C’est au Cabaret Voltaire que Tzara et ses amis (Arp, Janco, Huelsenbeck) vont créer le «dadaïsme». Mouvement artistique et subversif, qui, politiquement, s’oppose à la grande boucherie mondiale comme au matérialisme ambiant et, culturellement, prétend se couper de toutes références au monde ancien. Leurs armes: le doute, la rupture, la provocation, la dérision, voire le nihilisme.

Moment-charnière de la culture du siècle dernier: car même si les surréalistes ont rompu avec le mouvement dada en 1922, c’est bien du dadaïsme qu’est né le surréalisme.

Retour au matérialisme

Longtemps, le bâtiment du 1 Spiegelgasse a abrité bistrots et night-clubs. Mais en 2001, une compagnie d’assurance, la Rentenanstalt/Swiss Life, achète l’immeuble. Elle veut en faire des logements, et au rez-de-chaussée, une pharmacie.

Résultat: depuis février de cette année, c’est l’effervescence dans les milieux culturels et underground zurichois. Des artistes suisses et étrangers occupent la maison et y organisent lectures, concerts et autres expositions – dans le ton libertaire requis par les lieux. Leur but: faire de l’ensemble de la maison un lieu consacré à la culture dada, avec des ateliers aux étages supérieurs.

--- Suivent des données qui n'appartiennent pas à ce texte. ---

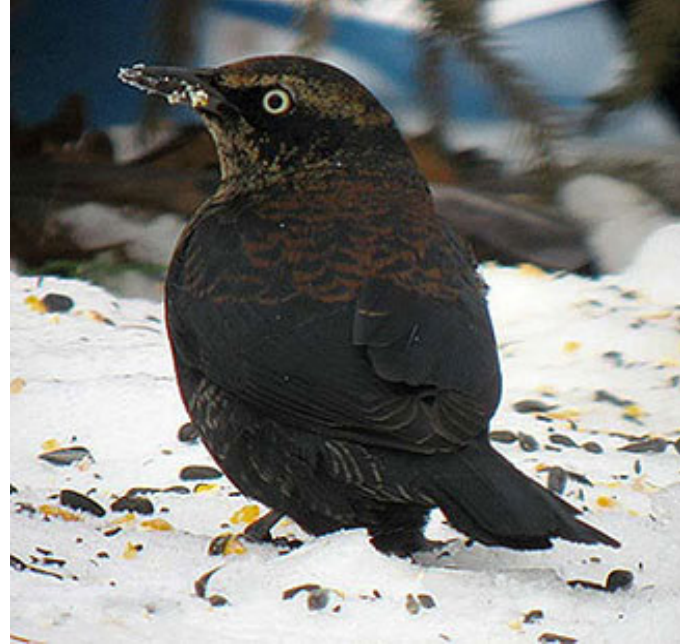
Rusty Blackbirds occasionally linger into the winter; this bird was found at Pine Hills Cemetery, Toronto, 24 December 2007.

Mais voilà. Les travaux de rénovation doivent commencer le 2 avril. Les jeunes artistes qui occupent et animent le lieu se réjouissent déjà à l’idée d’assister à un «grand spectacle policier», a confié à l’ats leur porte-parole, qui se fait appeler «Santa Lucia». La police pourrait effectivement intervenir «manu militari».

La réaction zurichoise

La ville de Zurich n’a pas été sourde aux appels des fils et des filles de dada. Elle tente de récupérer le Cabaret Voltaire pour en faire un centre culturel. Le propriétaire de la maison, la Rentenanstalt/Swiss Life, lui a donné jusqu’à fin avril pour présenter un concept «convaincant».

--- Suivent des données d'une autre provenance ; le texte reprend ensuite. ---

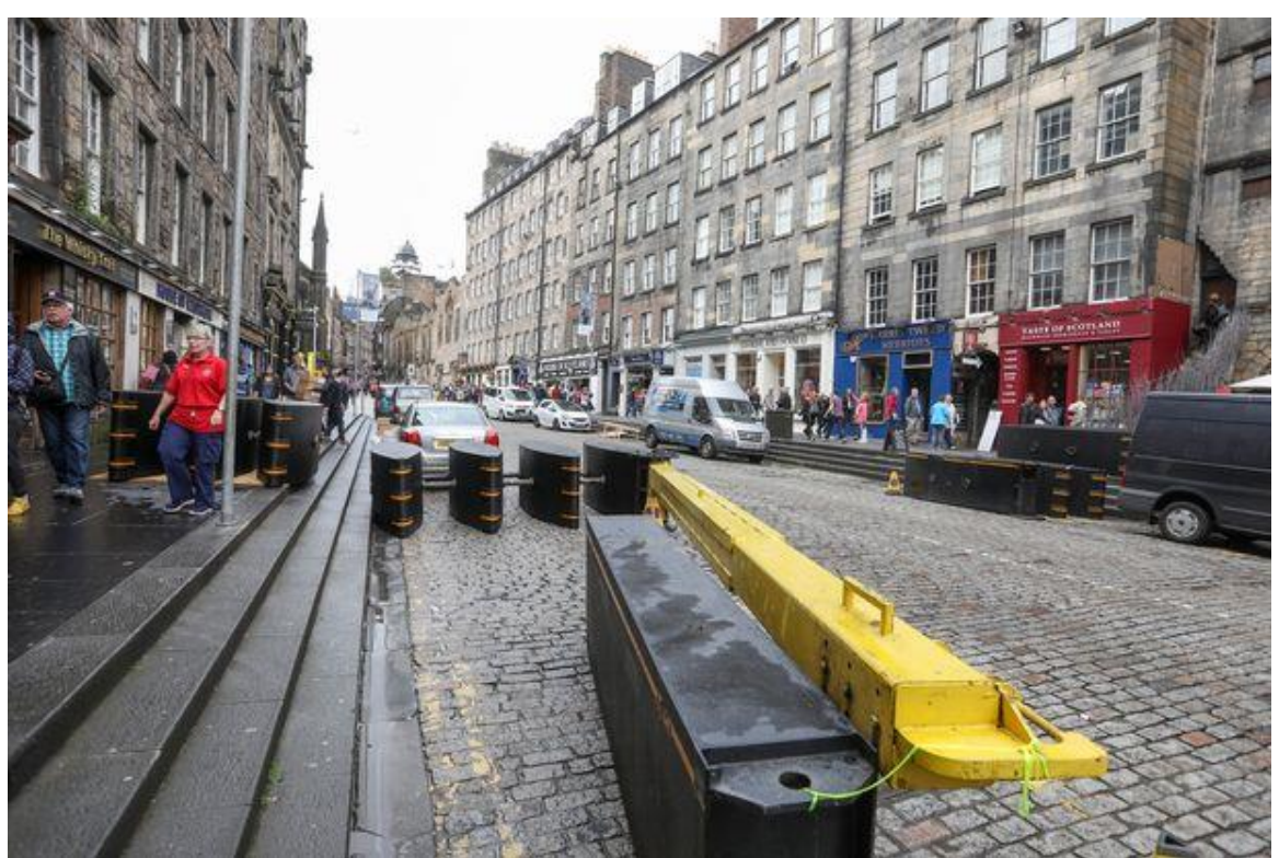
Edinburgh's Royal Mile (for Edinburgh Festival)

Celui-ci doit détailler les institutions responsables de la gestion, les moyens de financement et les formes données à cette utilisation culturelle, ont indiqué mercredi la municipalité et le propriétaire dans un communiqué commun. Toutefois, seuls les deux étages inférieurs pourront être réservés à la culture.

Tout en regrettant que la ville ne les ait pas encore contactés pour prendre connaissance de leur concept, les artistes-squatters trouvent «positif» que la municipalité cherche des solutions pour une utilisation culturelle du Cabaret Voltaire.

A leurs yeux, la compagnie d’assurance devrait faire cadeau du bâtiment à Zurich, car «il fait partie du patrimoine culturel mondial». Qu’auraient pensé Tristan Tzara et ses copains frappadingues du concept de «patrimoine culturel mondial»?